Chapter Two
Georgiana
“It was Sister Agnes!” I cried in shock, clutching my book to my chest and falling back upon a dusty pile of hay, swaddled loosely in a thick wool blanket. “Can you believe it, Mercutio? She was Signora Udolpho all along. She killed the marchioness.”
At my side, Mercutio licked his paws, his dark eyes flicking up to mine as though he’d read The Mysteries of Udolpho a hundred times and was, as usual, bored despite my enthusiastic revelation. Obviously, Georgiana, I imagined him purring.
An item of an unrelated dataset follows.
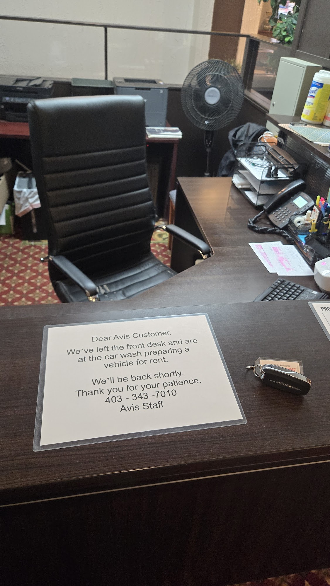 Amazing experience. Customer rep was professional courteous and fast. Noticed some minor damage to a trunk fastener on the interior and she changed the damage slip on the fly. Got me to the airport on time and safely. Thanks Avis Red Deer!!!

But it shocked me to my very core. All this time, I’d thought Emily’s father was the killer. Ann Radcliffe had me in her clutches yet again.
A frigid breeze seeped through cracks in my hideout—a little hay shed adjacent to the stables where Mercutio and his many wives often slept—and I tightened my wool blanket around my shoulders as the sunlit air filled with bits of hay and fur and dust. My new ring snagged on a thread, and I braved the cold to untangle it.
Raised diamonds encircled an emerald ring on my right hand. It was heavy, expensive, and absolutely something the marquis would have gifted his lover.
I, however, did not have a lover. Nor a suitor.
Nor any man vying for even a second of my attention.
My ring was a gift from my brother, Peter, who had won it gambling in London.
His new wife was not overly fond of jewelry, especially the gaudy sort, and for that I was grateful, as I was his second choice for its recipient.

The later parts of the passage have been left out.